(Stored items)
□ □ □ □ □ □ □
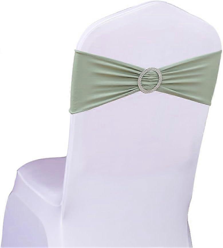 Pack of 50PCS Spandex Sage Green Chair Sashes Bows Elastic Chair Cover Bands
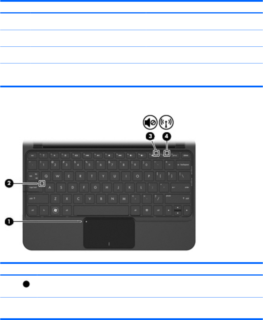 (2) Indicador luminoso de bloq mayús Encendido: Bloq Mayús está activado.
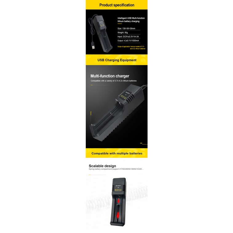 USB intelligent lithium battery charger For Li-ion 14500 16340 16650 14650 18350 18500 26650 Battery
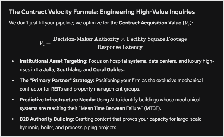 In the upper tier of the mechanical trades, a “lead” isn’t just a phone call—it’s a potential multi-year service agreement with a high-valuation asset. For commercial plumbers operating in the power centers of California, Texas, Florida, and New York, growth is a matter of Strategic Interception. You must reach facility directors and property owners at the intersection of need and capital allocation.
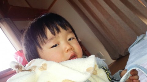 そんな眼差しの息子、リンゴを餌に黙らせ、一人で黙々たべました!(笑)
□ □ □ □ □ □ □
- INSTRUCTIONS TO FOLLOW
From the first line to the last, reproduce the records above exactly and skip the pictures.

- REPLY TO THE EXERCISE
 Pack of 50PCS Spandex Sage Green Chair Sashes Bows Elastic Chair Cover Bands
 (2) Indicador luminoso de bloq mayús Encendido: Bloq Mayús está activado.
 USB intelligent lithium battery charger For Li-ion 14500 16340 16650 14650 18350 18500 26650 Battery
 In the upper tier of the mechanical trades, a “lead” isn’t just a phone call—it’s a potential multi-year service agreement with a high-valuation asset. For commercial plumbers operating in the power centers of California, Texas, Florida, and New York, growth is a matter of Strategic Interception. You must reach facility directors and property owners at the intersection of need and capital allocation.
 そんな眼差しの息子、リンゴを餌に黙らせ、一人で黙々たべました!(笑)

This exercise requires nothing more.